* **Task requirements**: Please give the lines below again exactly as they stand, from the one that contains "مرحله ششم : از" up to and including the one that contains "Útiles para 2 y 3 de básica", leaving all pictures out.

* **Data excerpts**:
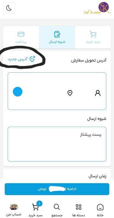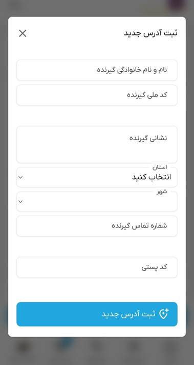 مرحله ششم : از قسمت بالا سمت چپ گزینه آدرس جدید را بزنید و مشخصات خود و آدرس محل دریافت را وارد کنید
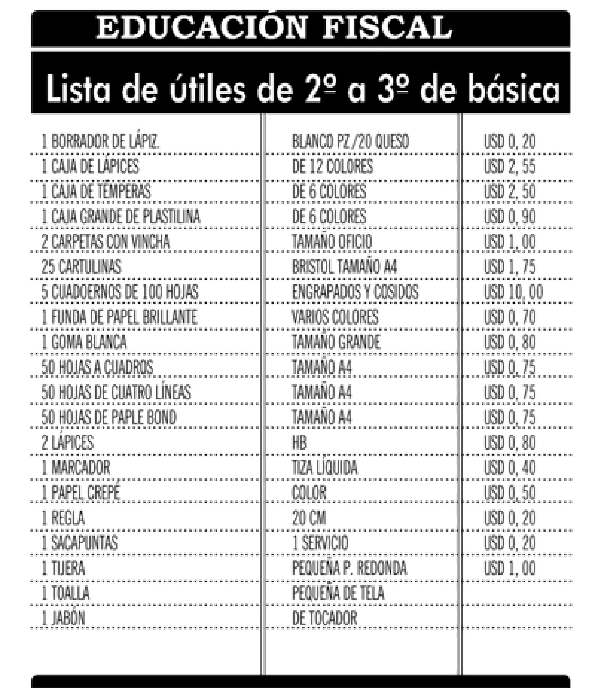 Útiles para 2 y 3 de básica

* * *

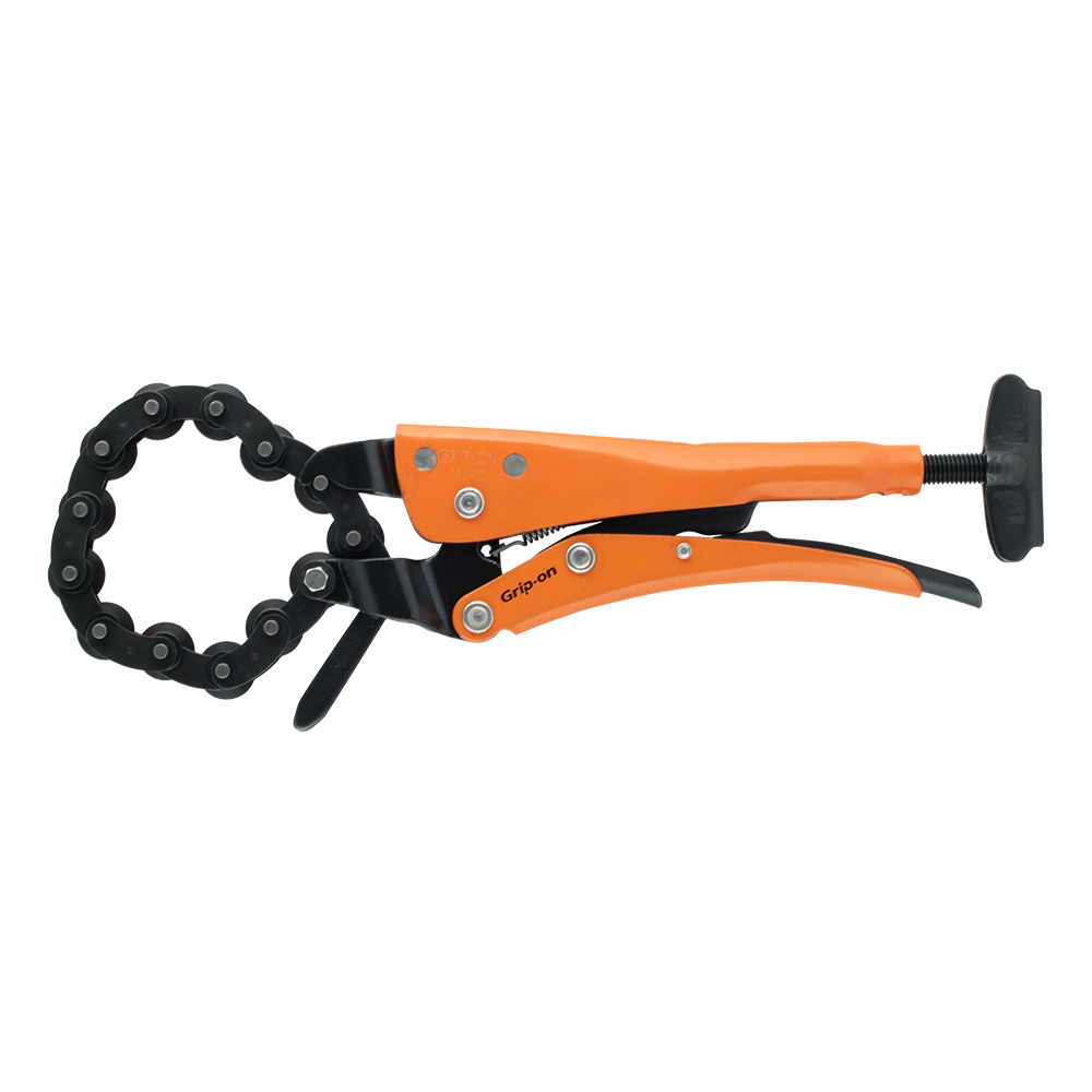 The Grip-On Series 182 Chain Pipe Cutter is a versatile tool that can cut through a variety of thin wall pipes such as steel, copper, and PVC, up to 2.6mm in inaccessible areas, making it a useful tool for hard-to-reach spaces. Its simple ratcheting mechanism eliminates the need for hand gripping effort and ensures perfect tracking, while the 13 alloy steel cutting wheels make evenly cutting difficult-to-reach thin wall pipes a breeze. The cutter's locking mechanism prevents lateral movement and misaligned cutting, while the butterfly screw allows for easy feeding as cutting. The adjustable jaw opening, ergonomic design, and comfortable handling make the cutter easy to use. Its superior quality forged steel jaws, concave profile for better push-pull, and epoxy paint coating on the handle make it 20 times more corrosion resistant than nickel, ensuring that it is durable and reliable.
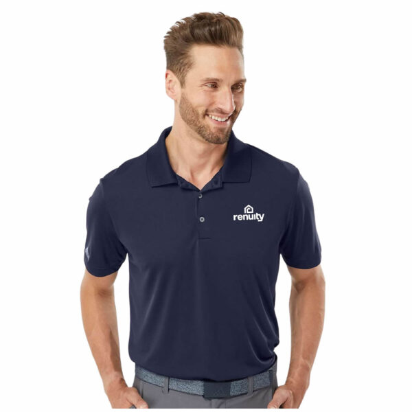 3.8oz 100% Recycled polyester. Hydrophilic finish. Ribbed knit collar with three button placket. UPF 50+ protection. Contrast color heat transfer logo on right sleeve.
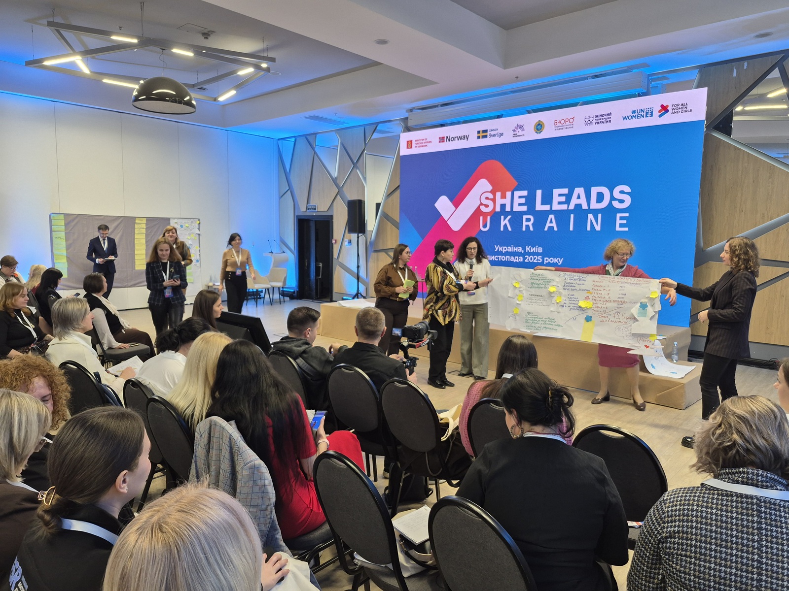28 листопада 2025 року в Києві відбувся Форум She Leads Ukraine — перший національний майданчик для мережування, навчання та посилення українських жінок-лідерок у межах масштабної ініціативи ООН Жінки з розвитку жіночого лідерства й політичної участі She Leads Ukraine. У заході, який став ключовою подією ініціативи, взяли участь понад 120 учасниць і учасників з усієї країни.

--

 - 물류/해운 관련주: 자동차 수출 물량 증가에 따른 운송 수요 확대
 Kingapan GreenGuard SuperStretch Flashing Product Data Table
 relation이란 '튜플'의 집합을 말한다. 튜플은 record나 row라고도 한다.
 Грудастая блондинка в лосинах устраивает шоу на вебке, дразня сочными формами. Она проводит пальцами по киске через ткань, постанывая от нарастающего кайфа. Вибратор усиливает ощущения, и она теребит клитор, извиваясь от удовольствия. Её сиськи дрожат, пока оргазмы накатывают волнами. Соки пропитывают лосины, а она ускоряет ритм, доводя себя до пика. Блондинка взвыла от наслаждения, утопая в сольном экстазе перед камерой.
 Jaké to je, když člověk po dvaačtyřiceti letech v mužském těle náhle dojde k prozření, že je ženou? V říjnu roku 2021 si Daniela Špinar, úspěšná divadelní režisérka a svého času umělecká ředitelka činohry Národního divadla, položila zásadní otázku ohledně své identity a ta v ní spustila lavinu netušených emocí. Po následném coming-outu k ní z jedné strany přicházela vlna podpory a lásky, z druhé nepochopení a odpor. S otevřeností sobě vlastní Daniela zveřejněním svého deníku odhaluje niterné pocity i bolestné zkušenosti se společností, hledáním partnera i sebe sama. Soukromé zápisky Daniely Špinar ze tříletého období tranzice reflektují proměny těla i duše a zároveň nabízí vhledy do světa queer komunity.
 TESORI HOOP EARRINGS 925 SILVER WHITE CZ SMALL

* **Task output**:
 مرحله ششم : از قسمت بالا سمت چپ گزینه آدرس جدید را بزنید و مشخصات خود و آدرس محل دریافت را وارد کنید
 Útiles para 2 y 3 de básica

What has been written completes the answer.